We get the first real sense of legalizers’ war chest in August, when electronic-campaign finance reports become available for the reporting period of January through June 30 (due by July 31). Leading groups such as ReformCA, Marijuana Policy Project, Drug Policy Alliance and others must show fundraising momentum to pay for signatures, staff and ads.
“Early money is like yeast—it makes the bread rise,” Jones said. “It is the most important money.”
A winning initiative campaign could cost a half-a-million dollars just to pay for professional signature gatherers (volunteers can’t do it). A campaign would then need another $10 million for full operations and advertising without major opposition. With opposition, the price tag grows to anywhere from $15 million to $20 million. And those are costs that no single reform group can bear.
A well-oiled, on-time campaign should kick off its signature gathering by Labor Day.
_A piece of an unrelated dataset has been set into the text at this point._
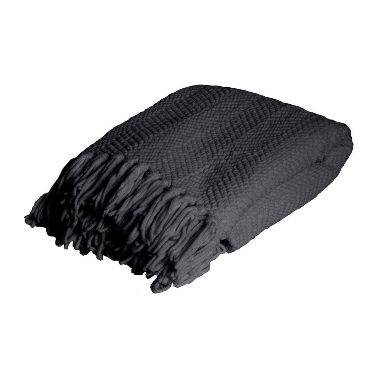Our Louie Throw Rug Charcoal 125 x 150 cm by J.elliot is incredibly soft and cosy, perfect to keep you warm this winter. The intricate chevron knitting pattern adds to the cosy and comfort that this throw brings! Paired with tassels, the Louie Throw is ready to get your homes prepared for the cold. It is made from quality and soft touch Polyester fabric.

Campaigns have 180 days from the day Attorney General Kamala Harris issues her title and summary to collect the necessary signatures. Collecting signatures has never been easier, though, said Joe Trippi, veteran campaign manager for Howard Dean and Jerry Brown, who is also working with ReformCA.
The number of valid signatures needed to qualify an initiative is equal to at least 8 percent of the total votes cast for governor in the last gubernatorial election. Luckily for pot-law reformers, the 2014 California election had one of the lowest voter turnouts of all time—the worst since 1978: just 7.3 million—or 42.2 percent of California’s eligible voters—voted. In the 2010 governor’s race, by contrast, 10 million voters cast ballots.
That means activists have to get 585,407 valid signatures for the 2016 election, rather than of hundreds of thousands more. With signatures costing about $1 each to gather, voter apathy in 2014 just made pot legalization several hundred thousand dollars cheaper.
“It’s ridiculous. There’s almost no barrier [to getting onto the ballot],” Trippi said. “I’ve been working in the state since 1975, and I’ve never seen it like this.”